AIM OF THE EXERCISE — Please repeat exactly the lines below from the line with "9:20 交換する ディスクプレートはK2Yに頼んでおいて入荷・受取済。" to the line with "Modern and contemporary", including both, and leave out every picture.

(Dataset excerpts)
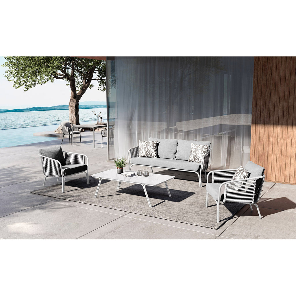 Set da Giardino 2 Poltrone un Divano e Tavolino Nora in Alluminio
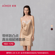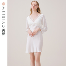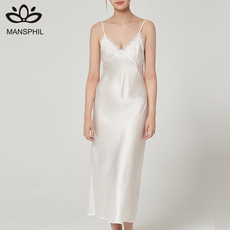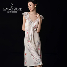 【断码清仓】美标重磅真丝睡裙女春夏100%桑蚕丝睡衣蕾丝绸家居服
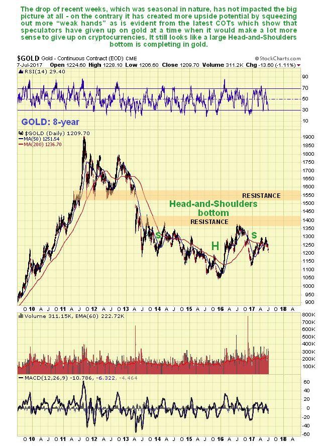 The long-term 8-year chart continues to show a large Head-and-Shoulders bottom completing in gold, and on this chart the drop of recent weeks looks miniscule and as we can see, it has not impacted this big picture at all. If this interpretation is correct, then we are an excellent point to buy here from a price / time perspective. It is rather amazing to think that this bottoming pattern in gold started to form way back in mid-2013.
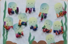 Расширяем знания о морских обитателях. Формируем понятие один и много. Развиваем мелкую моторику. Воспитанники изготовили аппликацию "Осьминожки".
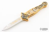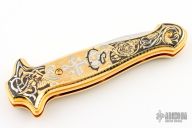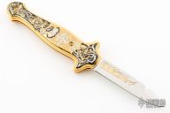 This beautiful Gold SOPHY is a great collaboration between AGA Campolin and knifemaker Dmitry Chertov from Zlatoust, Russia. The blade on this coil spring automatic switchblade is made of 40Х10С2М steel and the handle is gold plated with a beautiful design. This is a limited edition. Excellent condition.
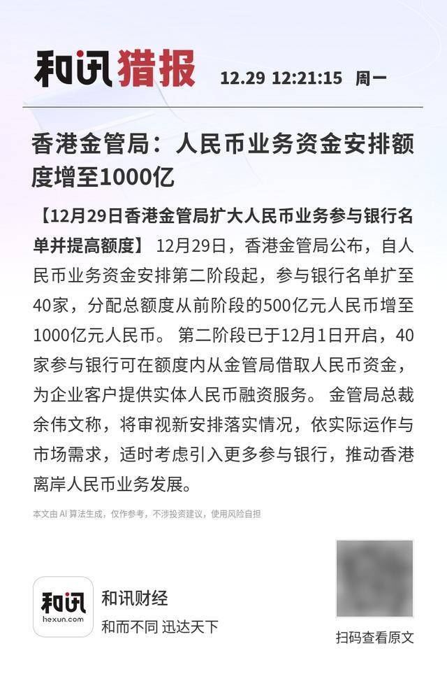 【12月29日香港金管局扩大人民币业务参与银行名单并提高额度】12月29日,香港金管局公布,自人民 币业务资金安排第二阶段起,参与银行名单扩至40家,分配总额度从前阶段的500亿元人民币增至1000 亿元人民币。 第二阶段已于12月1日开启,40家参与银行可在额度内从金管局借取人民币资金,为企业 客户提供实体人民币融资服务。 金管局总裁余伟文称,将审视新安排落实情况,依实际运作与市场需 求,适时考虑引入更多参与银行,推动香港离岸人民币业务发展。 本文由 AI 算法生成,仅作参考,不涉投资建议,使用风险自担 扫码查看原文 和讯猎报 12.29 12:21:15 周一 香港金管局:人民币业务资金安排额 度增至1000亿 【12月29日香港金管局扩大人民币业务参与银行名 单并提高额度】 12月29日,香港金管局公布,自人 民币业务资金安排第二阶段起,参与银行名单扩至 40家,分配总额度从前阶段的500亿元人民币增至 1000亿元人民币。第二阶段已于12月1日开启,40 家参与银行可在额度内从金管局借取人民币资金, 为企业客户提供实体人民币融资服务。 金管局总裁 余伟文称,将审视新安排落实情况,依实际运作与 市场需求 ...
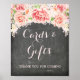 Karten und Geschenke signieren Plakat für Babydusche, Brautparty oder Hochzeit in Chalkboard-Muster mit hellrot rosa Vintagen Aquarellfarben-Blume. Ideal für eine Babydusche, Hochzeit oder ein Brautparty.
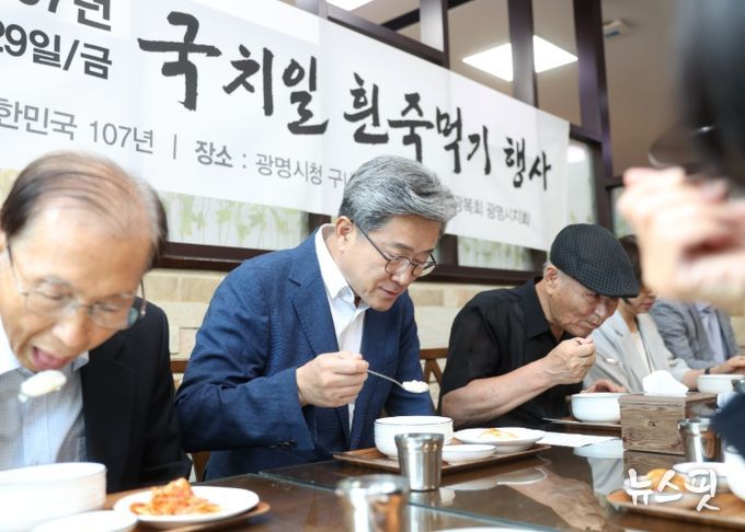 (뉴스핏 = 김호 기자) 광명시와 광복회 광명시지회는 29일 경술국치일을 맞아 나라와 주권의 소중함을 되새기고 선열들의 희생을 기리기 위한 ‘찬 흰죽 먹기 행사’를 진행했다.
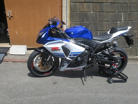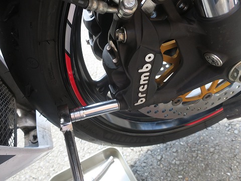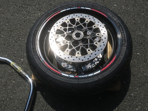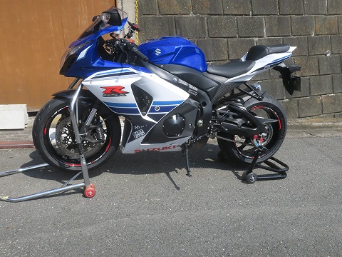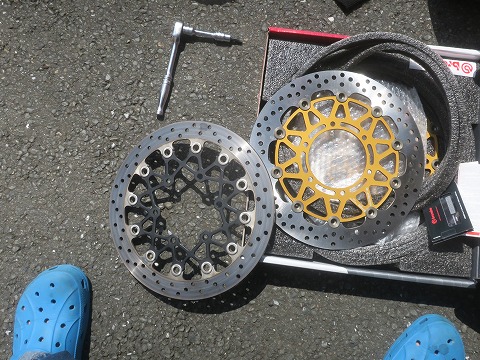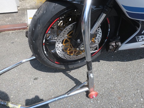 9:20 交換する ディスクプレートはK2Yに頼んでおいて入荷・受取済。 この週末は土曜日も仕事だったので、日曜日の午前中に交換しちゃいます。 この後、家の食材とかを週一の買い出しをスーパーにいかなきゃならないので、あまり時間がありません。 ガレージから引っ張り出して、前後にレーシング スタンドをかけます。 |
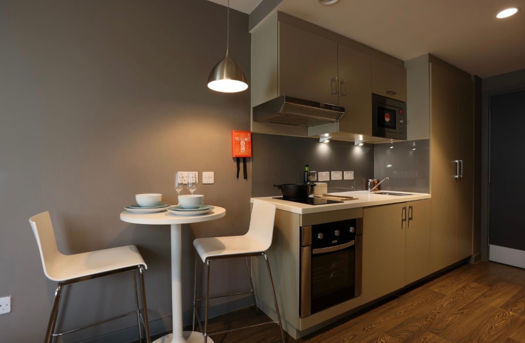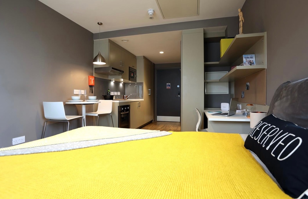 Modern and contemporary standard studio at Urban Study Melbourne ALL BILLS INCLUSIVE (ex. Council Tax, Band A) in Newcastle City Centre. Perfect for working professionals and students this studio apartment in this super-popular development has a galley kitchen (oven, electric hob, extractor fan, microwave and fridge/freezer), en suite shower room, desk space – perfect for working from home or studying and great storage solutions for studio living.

* * *

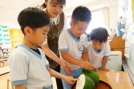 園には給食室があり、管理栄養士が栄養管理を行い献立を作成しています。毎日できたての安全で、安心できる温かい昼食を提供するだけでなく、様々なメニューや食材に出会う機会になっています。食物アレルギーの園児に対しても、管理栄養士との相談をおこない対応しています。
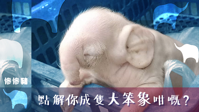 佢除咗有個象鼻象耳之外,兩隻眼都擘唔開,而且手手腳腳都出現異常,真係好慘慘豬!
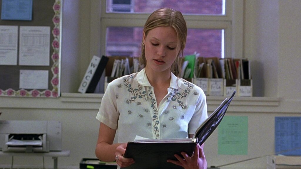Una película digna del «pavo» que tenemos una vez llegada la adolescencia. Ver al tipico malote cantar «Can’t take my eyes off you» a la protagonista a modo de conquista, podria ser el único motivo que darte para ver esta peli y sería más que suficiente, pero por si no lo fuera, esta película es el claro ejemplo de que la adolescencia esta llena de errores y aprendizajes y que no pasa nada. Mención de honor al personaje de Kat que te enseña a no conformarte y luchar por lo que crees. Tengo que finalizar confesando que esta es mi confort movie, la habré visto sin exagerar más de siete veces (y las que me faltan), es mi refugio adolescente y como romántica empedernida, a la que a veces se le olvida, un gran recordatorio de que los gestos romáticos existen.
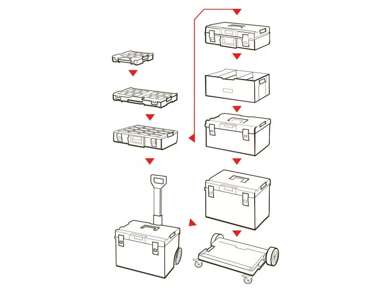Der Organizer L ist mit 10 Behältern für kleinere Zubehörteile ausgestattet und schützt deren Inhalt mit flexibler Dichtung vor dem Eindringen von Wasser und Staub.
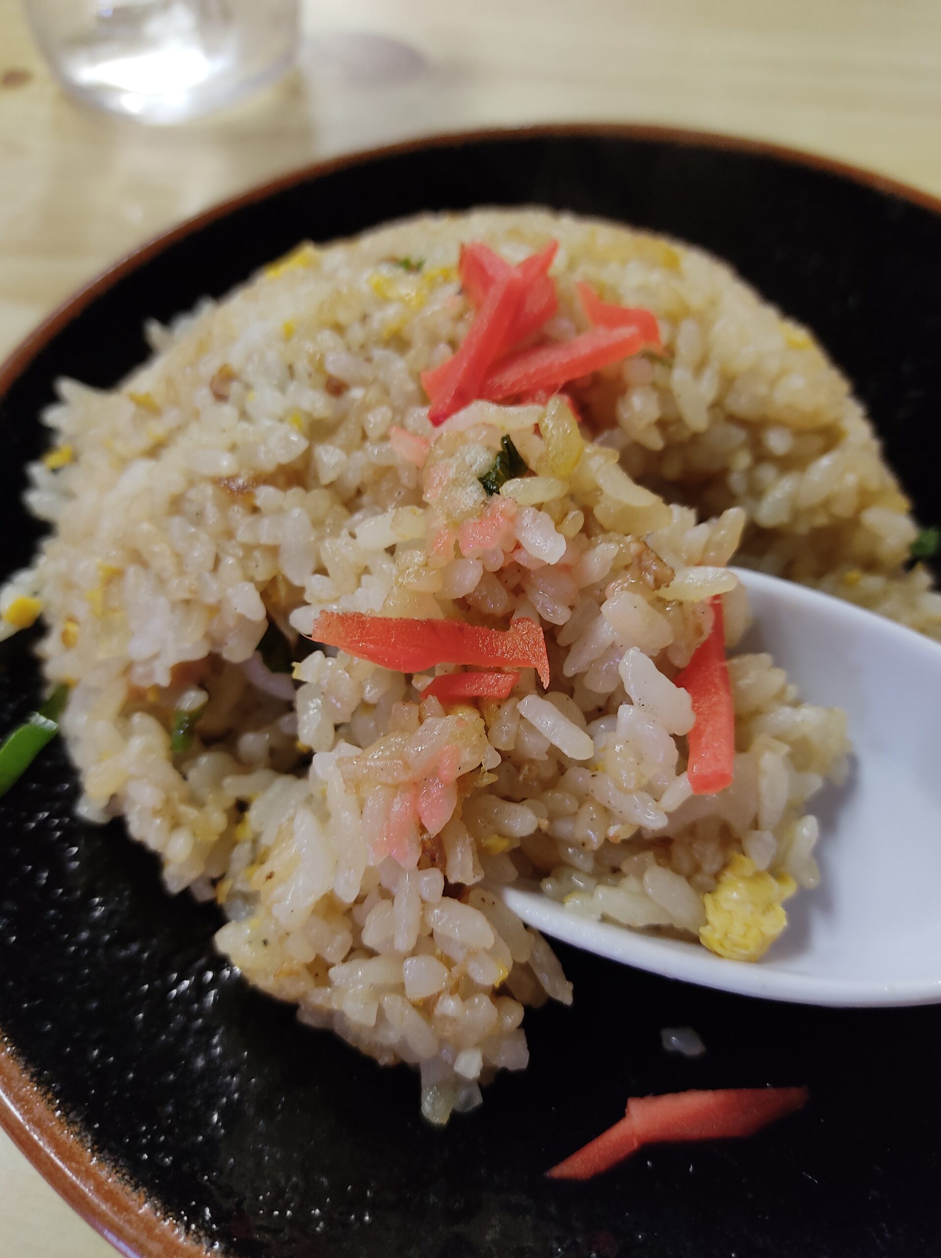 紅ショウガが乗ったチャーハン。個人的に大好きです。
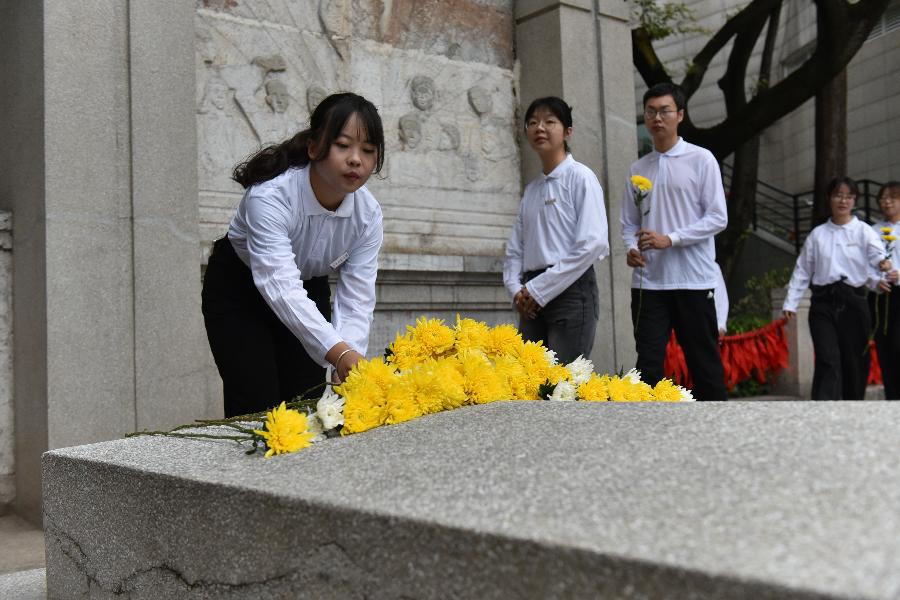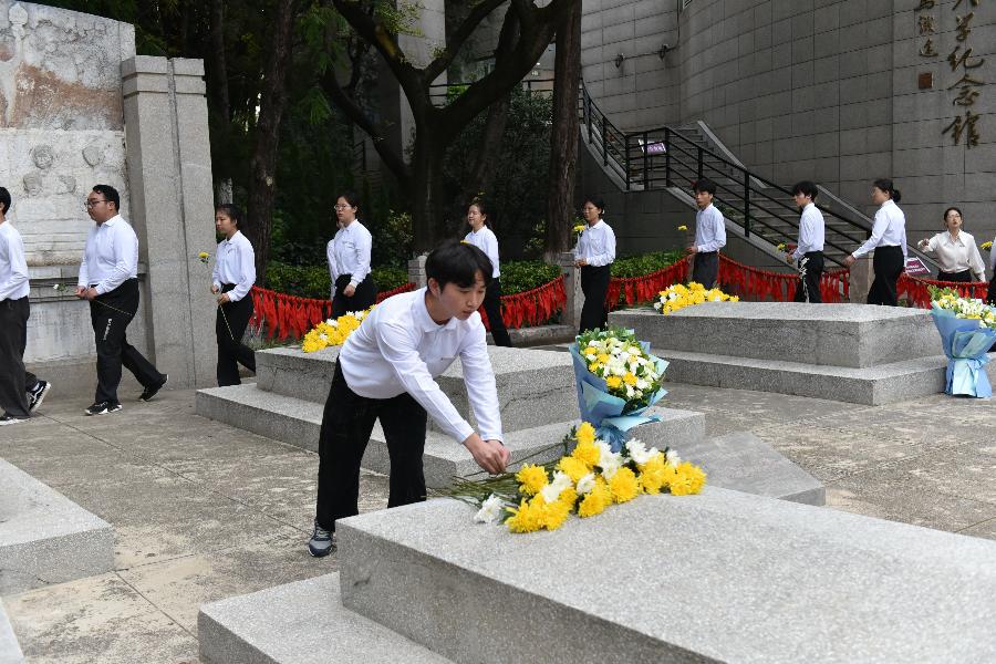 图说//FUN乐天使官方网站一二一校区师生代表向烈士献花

SOLVED PROBLEM —
 9:20 交換する ディスクプレートはK2Yに頼んでおいて入荷・受取済。 この週末は土曜日も仕事だったので、日曜日の午前中に交換しちゃいます。 この後、家の食材とかを週一の買い出しをスーパーにいかなきゃならないので、あまり時間がありません。 ガレージから引っ張り出して、前後にレーシング スタンドをかけます。 |
 Modern and contemporary standard studio at Urban Study Melbourne ALL BILLS INCLUSIVE (ex. Council Tax, Band A) in Newcastle City Centre. Perfect for working professionals and students this studio apartment in this super-popular development has a galley kitchen (oven, electric hob, extractor fan, microwave and fridge/freezer), en suite shower room, desk space – perfect for working from home or studying and great storage solutions for studio living.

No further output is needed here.